"State budgets are under siege. The faltering national economy, declines in the stock market, contractions in manufacturing and high-tech sectors and soaring health costs have combined to undermine the stability of state budgets."
--From a National Conference of State Legislatures report,
Feb. 4, 2003
Alaska has plenty of company when it comes to a bleak budget outlook.
An Associated Press story last week outlined some of the penny-pinching measures some states are taking as they seek to close the gap between revenue and spending. In Kentucky and Missouri, light bulbs are being unscrewed. In Oregon, color printing and new magazine subscriptions have been banned. Kansas is dropping its gold embossed seal from stationary and business cards and switching to plain paper.
Of course, those are largely symbolic gestures aimed at walking the talk of tight budgets. But many of those gestures have been accompanied by much more painful measures -- including program cuts and employee layoffs.
According to The Wall Street Journal, just three states -- Arkansas, New Mexico and Wyoming -- will not have a budget deficit during the 2004 fiscal year.
A February report from National Conference of State Legislatures revealed:
Two-thirds of the states must reduce their budgets by nearly $26 billion between now and June 30, when the current fiscal year ends in most states.
States are facing a minimum $68.5 billion budget shortfall for the next fiscal year -- with 33 states estimating budget gaps in excess of 5 percent and 18 of those facing gaps above 10 percent.
Thirteen states have cut Medicaid spending, 12 have cut higher education, nine have cut elementary and secondary education, nine have cut corrections spending, nine have nixed employee travel, and nine have laid off employees.
In the current legislative sessions, at least 24 states report tax increase proposals have been introduced; at least 14 states are considering higher taxes on cigarettes and six are considering higher alcohol taxes.

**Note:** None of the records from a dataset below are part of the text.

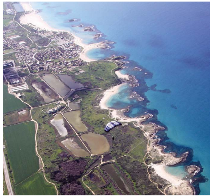
Fig. 2 Aerial view of the Carmel coast in Dor's vicinity, looking southwest. Above the parachutist are the northern bay, the tell and the southern lagoon protected by islets.

onstrate purple production at Dor at least from the early Iron Age. 1 As well, during this time span some of the site's inhabitants were engaged in another lucrative industry: small locally-produced clay flasks at Dor contained cinnamon from South Asia immersed in unidentified liquids. Such flasks (most probably also storing other flavoured substances) were distributed to various sites in the Levant, to Cyprus, and possibly to other regions as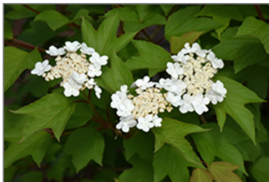
Redwing Highbush Cranberry flowers

Redwing Highbush Cranberry is a dense multi-stemmed deciduous shrub with an upright spreading habit of growth. Its average texture blends into the landscape, but can be balanced by one or two finer or coarser trees or shrubs for an effective composition.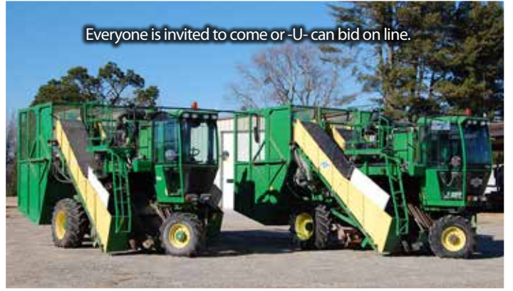
Everyone is invited to come or -U- can bid on line.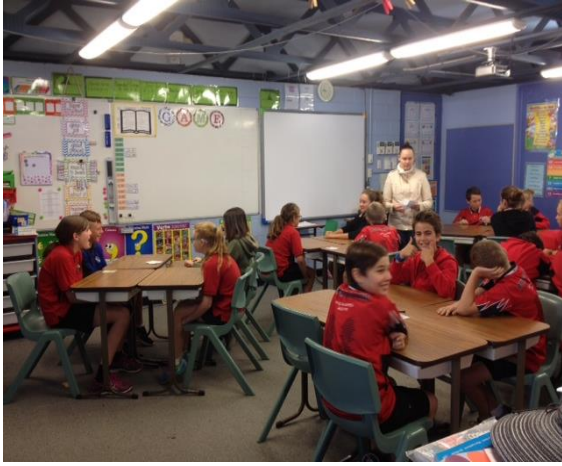
Photo shows Year 6SS back on the first day of term.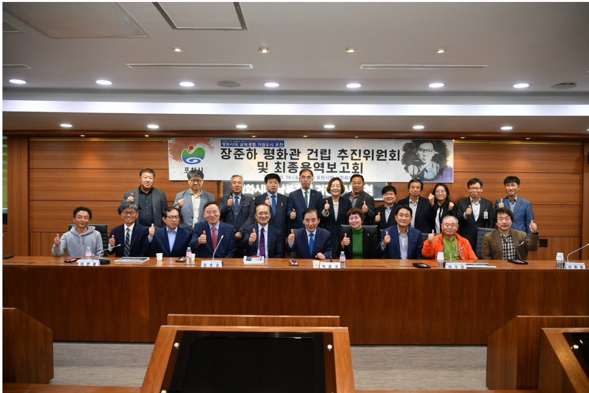
Final construction service presentation for Jang Jun-ha Peace Hall Construction Project

Idong-myeon, Pocheon-si has been promoting the construction of Jang Junha Peace Hall in order to combine the values of peaceful reunification, the independence movement and democratization with the local culture and art facilities as the historic sites where Sir Jang Junha, the symbol of the independence movement and the pro-democracy movement in Korea, passed away.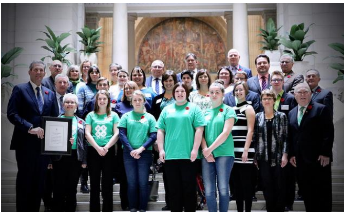
4-H Day being celebrated by Manitoba 4-H members and the many 4-H Alumni in the Manitoba PC Caucus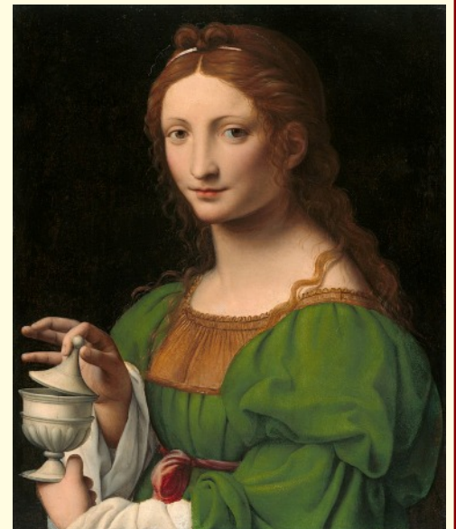
'The Magdalen' - Bernardino Luini (1475–1532)

Whatever the details of Mary's story, we cherish it because it shows that having a 'past' is no reason not to have a future.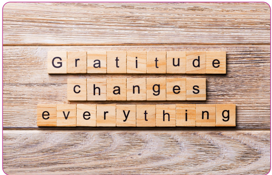
Figure 6.5 Gratitude

Virtues are human morally important qualities, dispositions for action or personality traits. They are closely related to human character and can be understood as excellencies. The opposite of virtues are vices, flaws or shortcomings. For example, moral virtues are honesty, kindness, compassion, courtesy, generosity and so on. Virtues include several components, namely cognitive, emotional, motivational, and action-oriented. Morally correct are those actions that are the result of or originate from our virtuous character. The founding fathers of virtue ethics are Plato and Aristotle.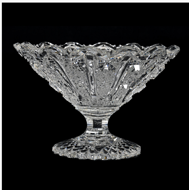
American Brilliant Cut Glass tazza (wide form shallow bowl) compote, signed Hawkes in the Panel pattern, featuring a scalloped hobstar foot and being of exceptional quality.

This press release can be viewed online at: https://www.einpresswire.com/article/572320716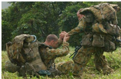
1 Joint Public Affairs Unit - Achieves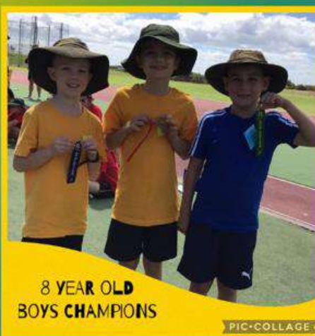
8 YEAR OLD BOYS CHAMPIONS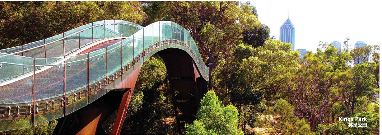
Kings Park 英皇公园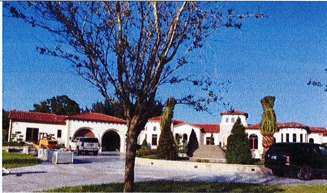
FRONT VIEW 07-06-2016

If using the Elevation Certificate to obtain NFIP flood insurance, affix at least 2 building photographs below according to the instructions for Item A6. Identify all photographs with date taken; "Front View" and "Rear View"; and, if required, "Right Side View" and "Left Side View." When applicable, photographs must show the foundation with representative examples of the flood openings or vents, as indicated in Section A8. If submitting more photographs than will fit on this page, use the Continuation Page.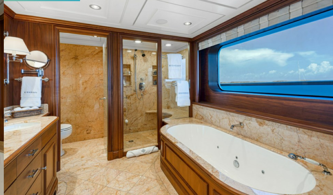
Master cabin en suite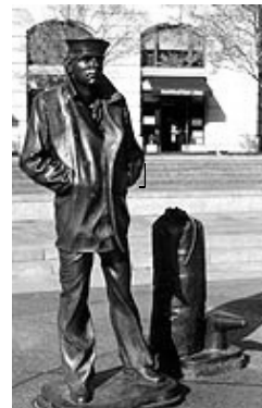
The Lone Sailor at the center of the Navy Memorial plaza.

More information for tour plans and all reunion details are found on Page 5 of this issue. A must read!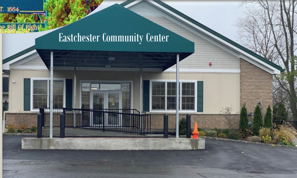
Eastchester Community Center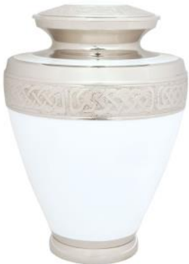
with Brass "Marble White" Urn £255:00

States are using rainy day funds, tapping other state funds, delaying capital projects and cutting spending to balance their budgets.
There's a curious difference between Alaska and the other 49 states, however: None of the rest of them have a permanent fund account that, as of last week, amounted to $22,348,900,000.
In case you missed it, that's $22-plus billion.
Earlier this month when Gov. Frank Murkowski laid out his budget plan that included $55 million in spending cuts, the elimination of 21 programs and the addition of taxes, or user fees as the governor likes to call them, a hue and cry was heard from all quarters -- including Republicans.
And it was clear that those Alaskans who had hoped the new governor had a magic bullet -- or hidden oil field -- to close the state's budget gap were in for a rude awakening.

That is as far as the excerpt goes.